All it allows at the moment is the ability for a driver to setup
a command that involves multiple sequential transfers to complete
a single request where each transfer covers a chunk of data for
a portion of the request. Variations like:
setup command
process_that_request_first - chunk 1
[interrupt, status check]
end_that_request_first - chunk1
process_that_request_first - chunk 2
[interrupt, status check]
end_that_request_first - chunk 2
or
setup command
process_that_request_first - chunk 1
process_that_request_first - chunk 2
process_that_request_first - chunk 3
..
end_that_request_first - chunk 1 + 2 + 3
There is only one call to ->request_fn for the entire request, and
the drivers manages things underneath. The chunks are expected to
complete sequentially. In the situation where the request is
restarted in the event of an error (say), the submission pointers
are rolled back to the last (successfully) completed point
before issuing the request again.
Right now I do not know what kind of use there could be for this
in the context of SCSI in general (in IDE, as I had mentioned
before, PIO commands, especially multi-count writes follow such
a pattern). You would probably be in a better position to
do so, and suggestions to improve this in that regard are very
welcome indeed. Which is why it is harder for me to decide if the
situation you suggest could arise with SCSI, since its not clear
whether such pieces/sub-requests are generated in that case.
</ramble>
I must say that I initially did think that this could be
extended to the more generic case which you probably are
referring to and that such an approach could take away the need
to split bios in certain cases (i.e. when the i/o is destined for
a single queue). Later it appeared that trying to cover
the case where each of these pieces gets queued up and might
complete out of order (requiring a tag to correlate things on
completion), would most likely boil down to trying to maintain
all the state that struct request does today.

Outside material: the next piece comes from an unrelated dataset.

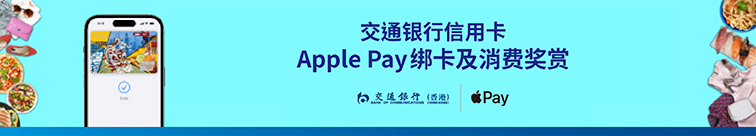 使用 Apple Pay 付款,方便快捷又安全!于推广期内,凭交通银行信用卡成功登记1交通银行信用卡“Apple Pay大激赏”推广计划,把合资格卡信用卡绑定Apple Pay及消费可享高达港币1,220元签账回赠。立即绑卡尽享优惠!

You might recall the discussion with Niels at the kernel
summit about the alternate possibility of having two request
structs pointing to the same bio, now that we track submission
state separately. In this case, though, as completion state is
still indicated in the bio, it could get a little inelegant
to handle in the context of remembering partial completion
state for two requests simultaneously. Whether partial
completion at a granularity of less than one bio makes sense,
however, is another question that discussions with
Barthlomiej has brought up.
At the same time, if we can afford to allocate a fresh
request struct, then probably allocating a bio (possibly from
a pool associated with the queue) may not sound all that bad.
</ramble>
> REQ_BARRIER. However, in the SCSI paradigm where we translate REQ_BARRIER to
> ordered tag, each of the requests will get a new ordered tag as it comes back
> around through end_that_request_first, potentially allowing other tags to be
> inserted in between these, which would be incorrect, since other bios would be
> inserted in between the segments of this one, thus violating the barrier.
>
> Is the above correct? If it is, I may have finally found a use for linked
> scsi tasks (gives you the ability to have one tag cover multiple commands).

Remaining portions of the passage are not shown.